Monday, June 19, 2017

More thoughts, and just plain provocateuring, on genomic causal complexity. . . .

Here are some follow-up reflections on my recent post about GWAS and kindred methods and claims.  I know I'm being contentious, but science has always been contentious.  However, socioeconomic issues (careers, salaries, etc) also enter the picture in a way that is relevant to the inertial nature of our profession.  Readers who haven't read Ludwik Fleck's 1930's volume on 'thought collectives', one preceding Kuhn's 'normal science/paradigm' discussion, should do that, because it's relevant to where we stand now.

The causal complexity of genetic control of quantitative traits was in principle understood by Fisher and others almost exactly century ago.  The development of mapping tools opened the door to seeing what that meant more specifically, at the genome level.

Some key facts about this, I think, are that when there is a strong single signal, we see segregation in families (when there are enough families, as there were in Utah for BRCA mapping), or some other indicator (detectable deletion chromosome detection in Wilm's tumor and perhaps something similar in Retinoblastoma).  Those were families and mainly monogenic in the Mendelian sense (that is, of the traits Mendel carefully chose to study for their simple states).

But BRCA and I think for different reasons, retinitis pigmentosa, mapping by association rather than families doesn't find these genes 'for' the trait.  They're individually strong, but relatively minor on a population and hence association-mapping sense.  And, in nearly all cases, even with 'single locus' diseases, once the gene is known, we see genotypic complexity, including often very low 'penetrance' (showing that 'the' gene isn't a single-locus cause by itself).
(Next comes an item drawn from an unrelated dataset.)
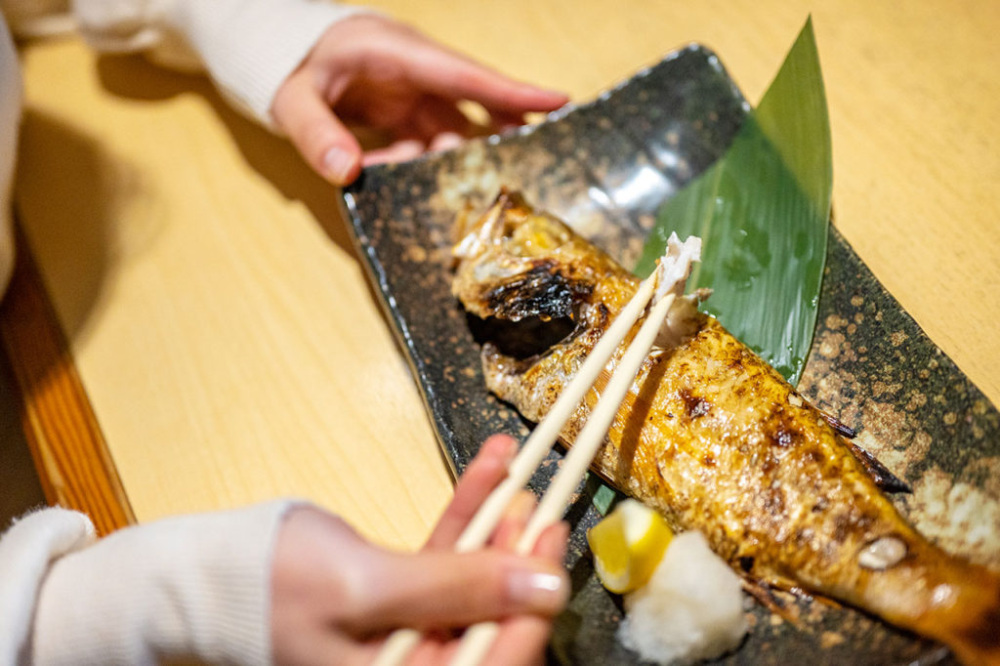 続いて、新潟に来たら食べておきたいのどぐろの塩焼き。白身魚のトロと言われるほどの上品な脂がたまりません。お好みでレモンを絞って、大根おろしと一緒にいただきます。美味しさの秘密は、焼く前の一手間。塩水につけることで余分な水分が抜けてしっとり仕上がるんだそう。

BRCA-associated breast cancer risk, once the gene was known and could specifically be typed, is very different even among women carrying known high-risk BRCA1/2 alleles, depend on cohort and the study.  The purported single-locus Hemochromatosis gene (HFE) mutations are associated with high risk in the original sample, in Utah if my recollection is correct, but the mutation does not cause the disease in other samples.  Even the classic PKU is not always caused by PAH alleles, not all pathogenic PAH alleles cause PKU.  Ditto for CF and the CFTR gene.  In some cases, at least, it is likely other interacting genes that in particular populations lead the target gene to seem causal in a Mendelian-like sense.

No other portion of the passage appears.